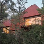 With its hut-shaped forms and rational division of functions, Lake|Flato’s design is vaguely reminiscent of Louis Kahn’s early work, reinterpreted in a rustic accent perfectly attuned to East Texas and its pioneer history. Comprising four discrete structures arrayed on a hillside site, the project divides the program between the steeply gabled, pavilion-like volumes (living and dining; kitchen; sleeping quarters; garage), each sheathed in a textured envelope of steel siding. Clustered seemingly at random, the arrangement of the individual sub-houses is in fact carefully calibrated, visually masking them behind the tree line while capturing prevailing winds and thus reducing the need for artificial climate control. Inside each of them, elegant, wood-clad interiors are set aglow courtesy of skylights located high in the pitched roofs. Meanwhile, black-framed glass enclosures add a note of sophistication and wide-open welcome, allowing the whole ensemble to gleam invitingly at night—a tiny, hospitable village cast in the dark forest.
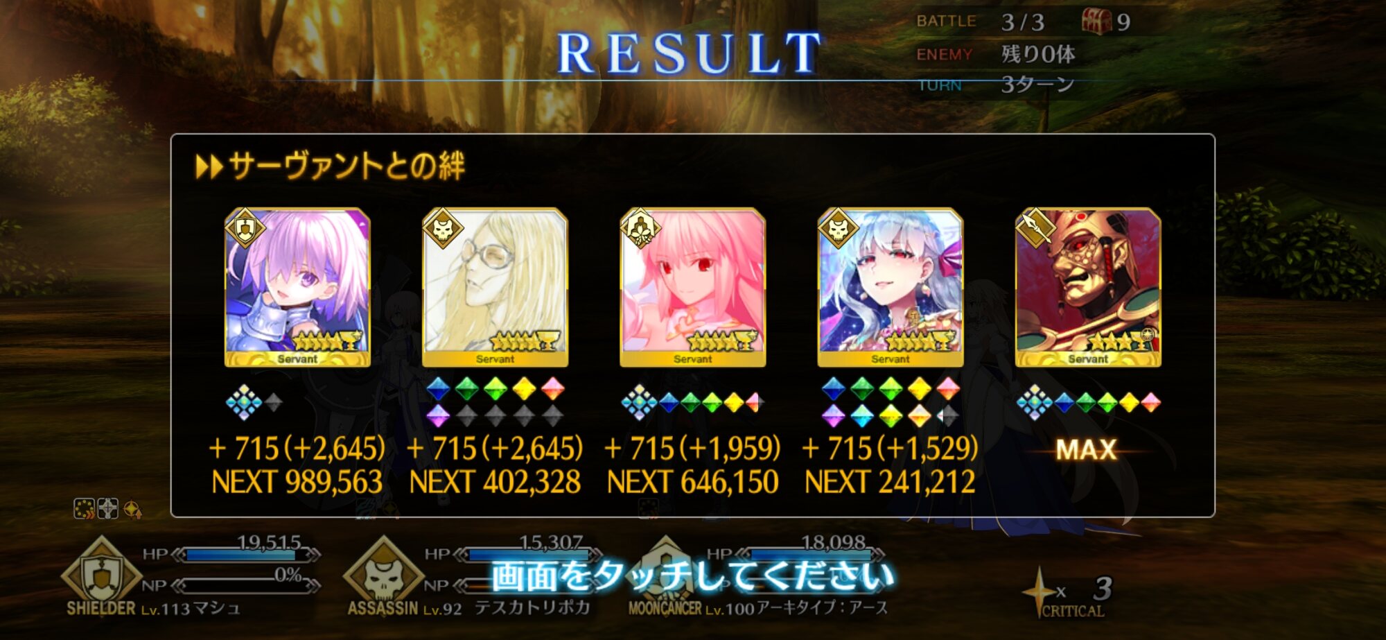 なんか狂のもだけやたら少ないのそのせいか(狂とEX1・2全解放)で、あの…殺修練場極級一回で収穫できるモニュメントの数は…?
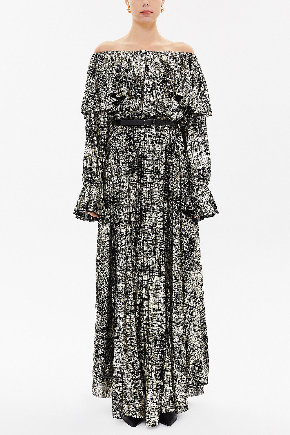 Siyah Omuzu lastikli ve kemerli uzun elbise 92518
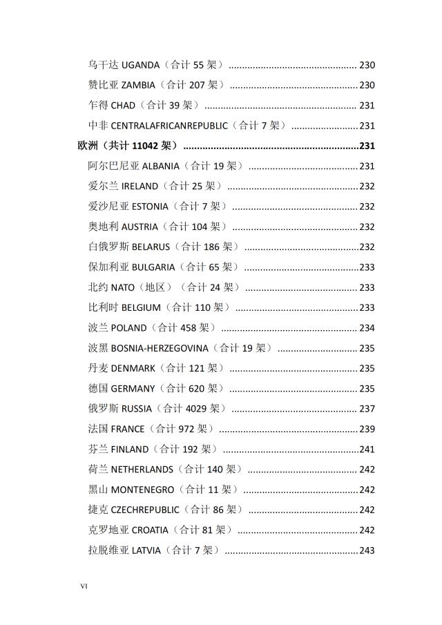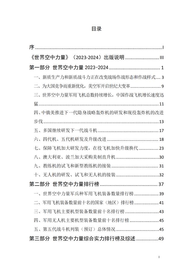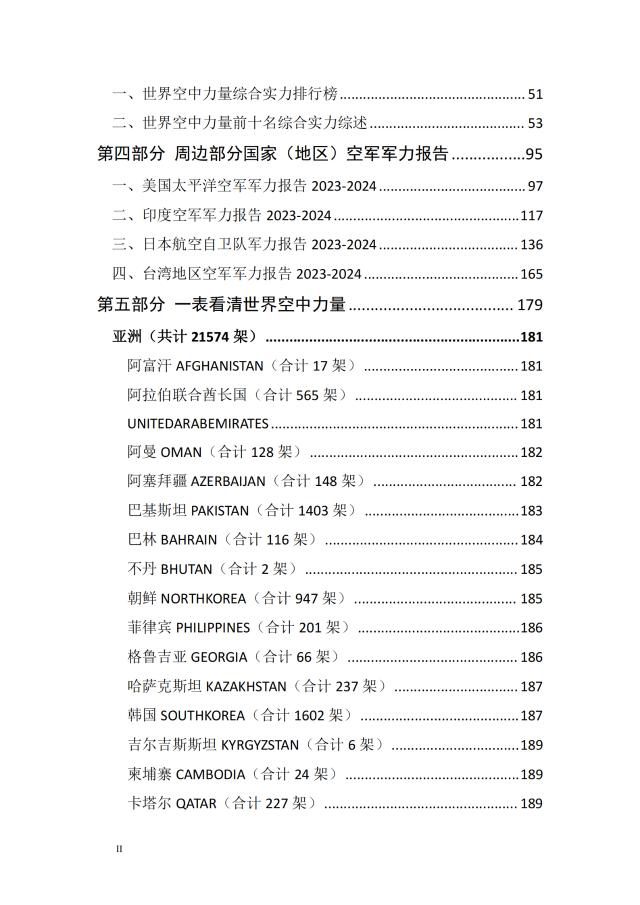 世界空中力量(2023-2024)包括全球空中力量 162 空军、陆军航空兵、海军航空兵、海军陆战队航空兵、国防军航空兵等国家和地区的空中力量汇总。通过图表,报告清晰地向读者展示了军用飞机设备的国家和地区排名,以及世界空气力量综合实力排名以及周边国家和地区空气力量的具体情况。力求全面、系统、有序地为读者提供各种空气设备的具体数量。为深入研究各国(地区)空气力量建设和发展提供更便捷的信息基础;提供一份有价值的分析研究报告,研究如今世界各国(地区)的空气力量编制、设备规模结构、最新采购趋势、型号数量比例等。

-=-=-

Work instruction:
Apart from the pictures, every line above must be printed exactly.

Output of the task:
 With its hut-shaped forms and rational division of functions, Lake|Flato’s design is vaguely reminiscent of Louis Kahn’s early work, reinterpreted in a rustic accent perfectly attuned to East Texas and its pioneer history. Comprising four discrete structures arrayed on a hillside site, the project divides the program between the steeply gabled, pavilion-like volumes (living and dining; kitchen; sleeping quarters; garage), each sheathed in a textured envelope of steel siding. Clustered seemingly at random, the arrangement of the individual sub-houses is in fact carefully calibrated, visually masking them behind the tree line while capturing prevailing winds and thus reducing the need for artificial climate control. Inside each of them, elegant, wood-clad interiors are set aglow courtesy of skylights located high in the pitched roofs. Meanwhile, black-framed glass enclosures add a note of sophistication and wide-open welcome, allowing the whole ensemble to gleam invitingly at night—a tiny, hospitable village cast in the dark forest.
 なんか狂のもだけやたら少ないのそのせいか(狂とEX1・2全解放)で、あの…殺修練場極級一回で収穫できるモニュメントの数は…?
 Siyah Omuzu lastikli ve kemerli uzun elbise 92518
 世界空中力量(2023-2024)包括全球空中力量 162 空军、陆军航空兵、海军航空兵、海军陆战队航空兵、国防军航空兵等国家和地区的空中力量汇总。通过图表,报告清晰地向读者展示了军用飞机设备的国家和地区排名,以及世界空气力量综合实力排名以及周边国家和地区空气力量的具体情况。力求全面、系统、有序地为读者提供各种空气设备的具体数量。为深入研究各国(地区)空气力量建设和发展提供更便捷的信息基础;提供一份有价值的分析研究报告,研究如今世界各国(地区)的空气力量编制、设备规模结构、最新采购趋势、型号数量比例等。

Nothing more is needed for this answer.